Basic and applied research contributing to patents

Using the method of Cleary et al. [1, 2], PMIDs identified by searching for drug names were classified as applied research. The project years supporting this research, along with the full project and any patents arising from this project, were similarly classified as applied research. Conversely, PMIDs identified by searching for drug targets, but not drugs, were classified as basic research. Project years or projects were classified as basic research if all of the associated PMIDs related to drug targets, as were any patents associated with such projects.
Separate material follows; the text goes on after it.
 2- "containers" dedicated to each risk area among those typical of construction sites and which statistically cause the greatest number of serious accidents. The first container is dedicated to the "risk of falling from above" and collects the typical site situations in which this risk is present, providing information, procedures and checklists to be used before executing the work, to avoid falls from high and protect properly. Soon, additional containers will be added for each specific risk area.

These data confirm the observations of Cleary et al. [1, 2] that a large majority of NIH funding focuses on basic research, rather than applied research. For the 313 drugs with at least one patent in DrugPatentWatch, only 9% of all PMIDs, 13% of project years, and 17% of project year costs were classified as applied research (Table 2). Considering the full term and total cost of these projects, 18% of the NIH-funded projects and 34% of costs were classified as applied research.

For those projects that also resulted in patents in DrugPatentWatch, 31% of project years and 46% of project year costs were classified as applied research, while 51% of the full projects (all years) and 82% of total project costs were classified as applied research (Table 2, Fig 2). Thus, while the large majority of NIH funding associated with these products focused on basic research related to their target, patents arise disproportionately from projects involving applied research on the drug itself.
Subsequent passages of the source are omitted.